- Task brief: Please transcribe exactly, and only, the lines of the data below between the line holding "Résultats de la" and the line holding "Besonders prägnant ist", inclusive.

- Data:
*** Block opens ***

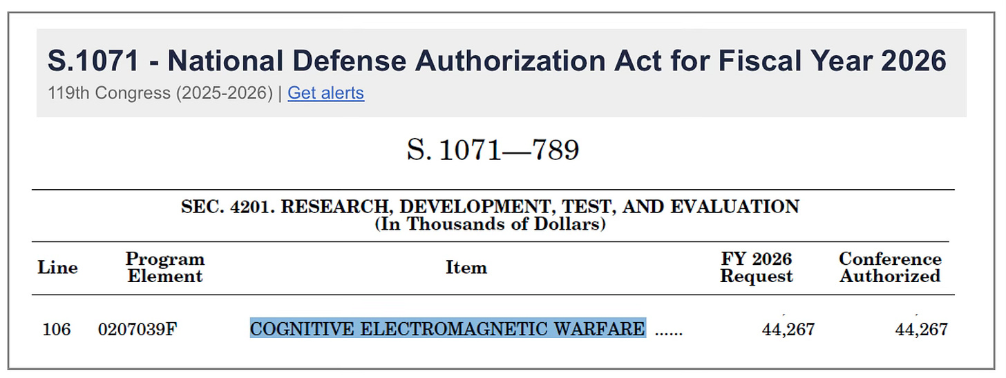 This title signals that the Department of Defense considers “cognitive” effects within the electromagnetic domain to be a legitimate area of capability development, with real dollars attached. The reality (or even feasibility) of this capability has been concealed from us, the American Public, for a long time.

*** Block closes ***
*** Block opens ***

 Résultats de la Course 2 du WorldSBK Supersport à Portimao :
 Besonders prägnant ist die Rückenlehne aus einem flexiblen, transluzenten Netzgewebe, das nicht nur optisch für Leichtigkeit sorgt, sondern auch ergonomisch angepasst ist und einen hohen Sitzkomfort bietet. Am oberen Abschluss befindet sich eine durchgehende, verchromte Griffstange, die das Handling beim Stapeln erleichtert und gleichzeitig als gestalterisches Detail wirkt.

*** Block closes ***

- Solution for this problem:
 Résultats de la Course 2 du WorldSBK Supersport à Portimao :
 Besonders prägnant ist die Rückenlehne aus einem flexiblen, transluzenten Netzgewebe, das nicht nur optisch für Leichtigkeit sorgt, sondern auch ergonomisch angepasst ist und einen hohen Sitzkomfort bietet. Am oberen Abschluss befindet sich eine durchgehende, verchromte Griffstange, die das Handling beim Stapeln erleichtert und gleichzeitig als gestalterisches Detail wirkt.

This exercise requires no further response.